But the Shift JIS contains characters for both 0201 and 0208. So, when trying to use IR13(ShiftJIS) to encode the whole string, it will not throw any exception.
These bytes can be decoded correctly in the same way. As they will eventually be processed as Shift JIS.
So, I think it is too difficult to implement such features. Maybe we should just use UTF8 if necessary. Otherwise, we will need to identify the difference between the dotnet encodings with the DICOM ones.
from fo-dicom.
@chen-wu - yes, handling JIS X 201 vs JIS X 208 can indeed be a problem, and we need probably add specific code for that. I actually was aware that there might be some problems with that, but decided to ignore this in the PR for the time being, as it may get a little complicated, and I first wanted to cover the main cases (to my knowledge, this is the only case that may cause such problems).
May we could handle this in a separate issue after this one is finished to avoid too much complexity in a single PR. Anyway, all of this will get integrated only after the next release (which hopefully will be soon).
from fo-dicom.
@chen-wu - do you have some example or test that shows the problem? E.g. a string that is decoded for ISO 2022 IR 13
but is not valid JIS X 201? (or the same with ISO 2022 IR 87 / JIS X 208)?
from fo-dicom.
@mrbean-bremen This example should work.
And you can use following code
Encoding.RegisterProvider(CodePagesEncodingProvider.Instance);
var raw = new byte[] {
0xD4, 0xCF, 0xC0, 0xDE, 0x5E, 0xC0, 0xDB, 0xB3, 0x3D, 0x1B, 0x24, 0x42, 0x3B, 0x33, 0x45, 0x44, 0x1B, 0x28,
0x4A, 0x5E, 0x1B, 0x24, 0x42, 0x42, 0x40, 0x4F, 0x3A, 0x1B, 0x28, 0x4A, 0x3D, 0x1B, 0x24, 0x42, 0x24, 0x64,
0x24, 0x5E, 0x24, 0x40, 0x1B, 0x28, 0x4A, 0x5E, 0x1B, 0x24, 0x42, 0x24, 0x3F, 0x24, 0x6D, 0x24, 0x26, 0x1B,
0x28, 0x4A,
};
var value = "ヤマダ^タロウ=山田^太郎=やまだ^たろう";
var value2 = "山田";
var shiftJisEncoding = Encoding.GetEncoding("shift_jis");
var iso2022JpEncoding = Encoding.GetEncoding("iso-2022-jp");
var result1 = shiftJisEncoding.GetBytes(value);
var result2 = shiftJisEncoding.GetBytes(value2);
var result3 = iso2022JpEncoding.GetBytes(value);
var result4 = iso2022JpEncoding.GetBytes(value2);
You can see that the "山田" will not trigger exception in Shift-JIS encoding. And the 4 "results" will show that the "山田" is encoded into different bytes.
from fo-dicom.
Thank you, I will have a look at this!
from fo-dicom.
I think we can just give up here, we have too many problems to solve. 😂
The DICOM standard defines some character sets. These character sets are just "standard". Different vendor has different implementation. They may add some additional characters to the code points which are not used in the standard or combine several standards into one code page.

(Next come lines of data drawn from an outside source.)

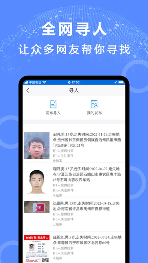 发布寻人: 免费发布寻人信息,千万网友提供线索,科技助力寻人。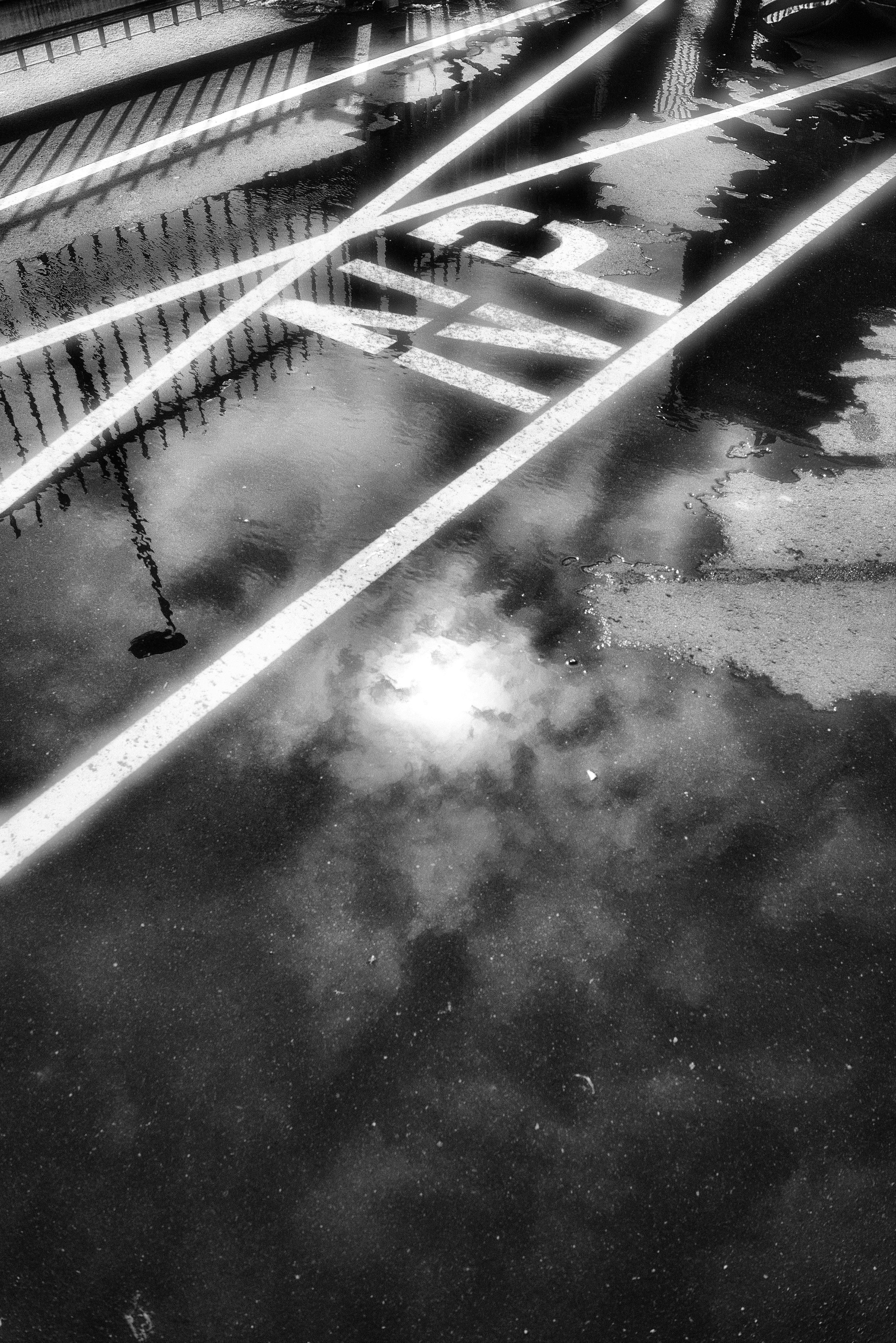 De zon weerkaatst in het water op de parkeerplaats.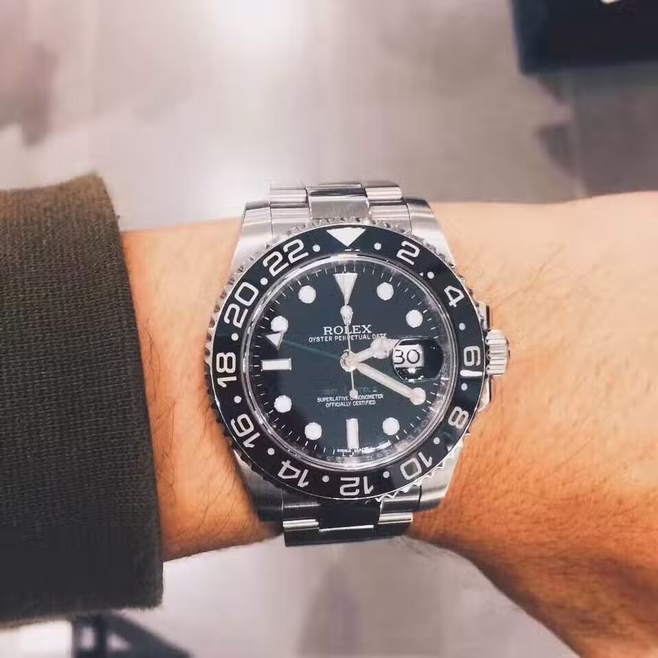 先來看看這款表沒改裝前的樣子,勞力士格林尼治型II系列116710LN-78200腕錶,也被稱之為小綠針。格林尼治型II系列也是大家比較喜愛的勞力士系列表款之一,低調大氣的黑色,穩重而不顯奢華。很多人不知道的第一眼會以為戴的黑水鬼,不過這個要比黑水鬼俏皮,畢竟綠色的GMT指針很出眾!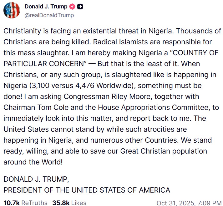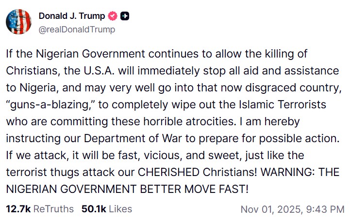 Redan i fredags skrev Trump i ett inlägg på Truth Social om att kristendomen är utsatt för ett existentiellt hot i Nigeria och att man nu placerat landet på en lista över länder som väcker oro samt att man är redo att försvara kristna över hela världen: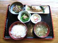 最上町にある川の駅にある食事処であゆの塩焼き定食(850円)を。付け合わせのシイタケの小鉢やふっくらご飯がおいしかったです。名物のしそ巻きもついていました。

The standard also has different versions. For example, the DICOM standard is using "JIS X 0208-1990", and the "iso-2022-jp" standard contains both "JIS X 0208-1978" and "JIS X 0208-1983", "iso-2022-jp-2" contains "JIS X 0208-1990". I did not check the implementation, it may be more complex.
In our case, the "shift-jis" contains both "JIS X 0201-1997" and "JIS X 0208-1997" characters. However, its 0208 part is not compatible with the 0208 standard. You will need to do some shift conversion. The EUC-JP may be correct.
https://en.wikipedia.org/wiki/Shift_JIS
That's why we cannot encode Japanese text correctly.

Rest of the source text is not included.